Iowa, Oregon Diverge On Gun Policy
In today's political landscape, this should surprise no one.
Pundits left, right, and center often lament the increasing polarization of American society. While such complaints may sometimes be overblown, for the purpose of getting ‘clicks’ or viewers, it is objectively true that red states are getting redder, and blue states are getting bluer, as both ends of the political spectrum double down on the desires of their respective bases of support. State legislatures have taken divergent paths on a bevy of issues ranging from abortion to taxation, and gun rights are no exception. In the November 2022 Midterm election, Oregon and Iowa passed drastically different proposals relating to the right to keep and bear arms.
Iowans chose, by a whopping thirty-point margin, to amend the state constitution to include the right to keep and bear arms. The language of the amendment states: “The right of the people to keep and bear arms shall not be infringed. The sovereign state of Iowa affirms and recognizes this right to be a fundamental individual right. Any and all restrictions of this right shall be subject to strict scrutiny.” The Iowa Firearms Coalition President Dave Funk praised the approval of the ballot measure Tuesday evening, calling it a “historic day for freedom, civil rights, and the Hawkeye state.” Opponents of the new amendment fear the measure will make it more difficult to pass new gun control regulations and easier to strike down anti-Second Amendment laws.
Oregonians, on the other hand, narrowly passed one of the strictest gun control measures in the country. Measure 114 will require Oregonians to obtain a permit to buy a gun after completing a firearms safety course, and would ban the sale or transfer of magazines that hold more than 10 rounds of ammunition. The proposal, championed by anti-gun activist David Hogg, a survivor of the Stoneman-Douglas High School shooting, and Ari Freilich, state director for the Giffords Law Center to Prevent Gun Violence, will subject potential gun buyers to fees, firearms training at their own expense, fingerprinting, and criminal background checks.
Proponents of the new Oregon law spent $2.4 million promoting the measure, including a $750,000 donation from Connie Ballmer, wife of Steve Ballmer, former CEO of Microsoft and current owner of the NBA’s Los Angeles Clippers. Opponents of the sweeping gun control proposal only raised $200,000 and were penalized for the late reporting of a $25,700 donation from the National Rifle Association.
At least five Oregon county sheriffs are pledging to ignore the state’s new gun control law. Speaking to Fox News Digital, Union County Sheriff Cody Bowen said “The biggest thing is this does absolutely nothing to address the problem, the problem that we have is not… magazine capacity. It’s not background checks. It’s a problem with mental health awareness. It’s a problem with behavior health illness.” On the state’s new magazine capacity limit, Bowen said ‘there’s just no way possible for us to enforce that and nor would I simply because it’s an infringement on our Second Amendment, you know, our right to keep and bear arms.”

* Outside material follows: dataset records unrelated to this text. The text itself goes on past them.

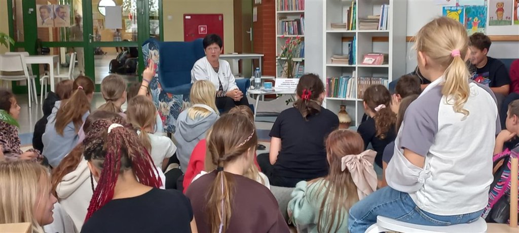 pomocy. W szkolnej bibliotece odbyły się spotkania z ekspertami – pielęgniarką Panią
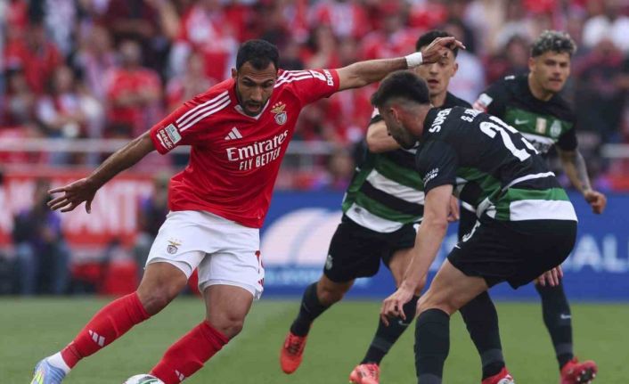 Portekiz’de şampiyonluk yarışındaki Benfica ile Sporting, Luz Stadı’nda karşı karşıya geldi. Benfica’da milli futbolcular Kerem Aktürkoğlu ve Orkun Kökçü derbiye ilk 11’de başladı. Konuk takım 4. dakikada Francisco Trincao ile 1-0 öne geçerken, ilk yarı da bu skorla sona erdi. 63. dakikada sahneye Kerem Aktürkoğlu çıktı attığı golle skoru 1-1’e getirdi. İlerleyen dakikalarda iki takımın da ataklarından sonuç çıkmayınca mücadele 1-1 bitti ve şampiyonluk düğümü son haftaya kaldı. 34. haftada 79 puanlı Benfica, Braga deplasmanına giderken, aynı puanı bulanan Sporting ise Vitioria Guimaraes’i konuk edecek.
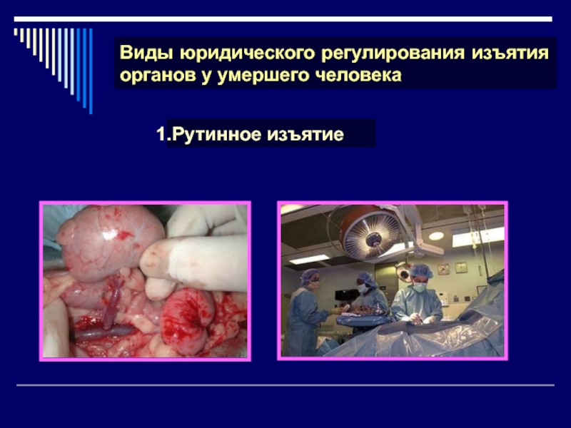 Слайд 39Виды юридического регулирования изъятия органов у умершего человека
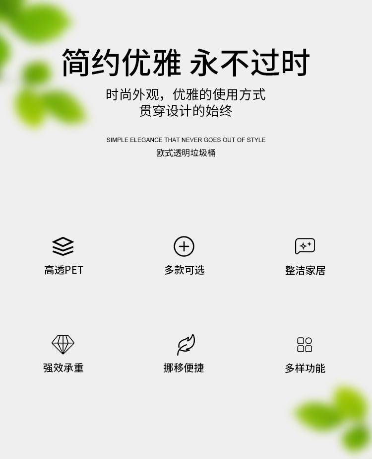 【拍一发二】PET材质 摔不烂垃圾桶家用客厅轻奢高档厨房大容量
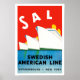 Vintage ocean poster para a linha sueca americana mostrando uma visão arco de três quartos da sua frota transatlântica do século médio.
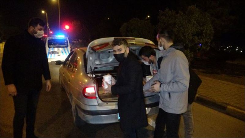Yeşil Mahalle Muhtarı Cihan Demirtaş aza ve arkadaşları ile birlikte sokağa çıkma kısıtlaması kapsamında uygulama yapan polisleri ziyaret ederek sıcak çorba dağıttı.
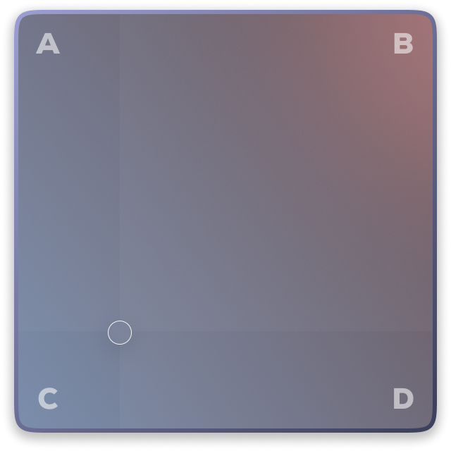 Use the XY Pad in "Sounds Mode" to blend between the four sound sources or use it in FX mode to modulate any available parameter in the instrument.

Yours truly wrote about interstate immigration and the California exodus back in January; if this trend continues, it should not be surprising to see states take wildly different policy positions on all manner of issues in the coming years. Oregon and Iowa are both near-one party states, with Oregon Democrats holding every statewide office, both houses of the state legislature, and four of five congressional seats, and Republicans holding all but one statewide office in Iowa, and both houses of the legislature. But judging by the Midterm results—that saw Democrats sweep statewide positions in Arizona, and Republicans sweep the same seats in Florida, two formerly purple states—hard line policies on both sides of the aisle seem to be the order of the day.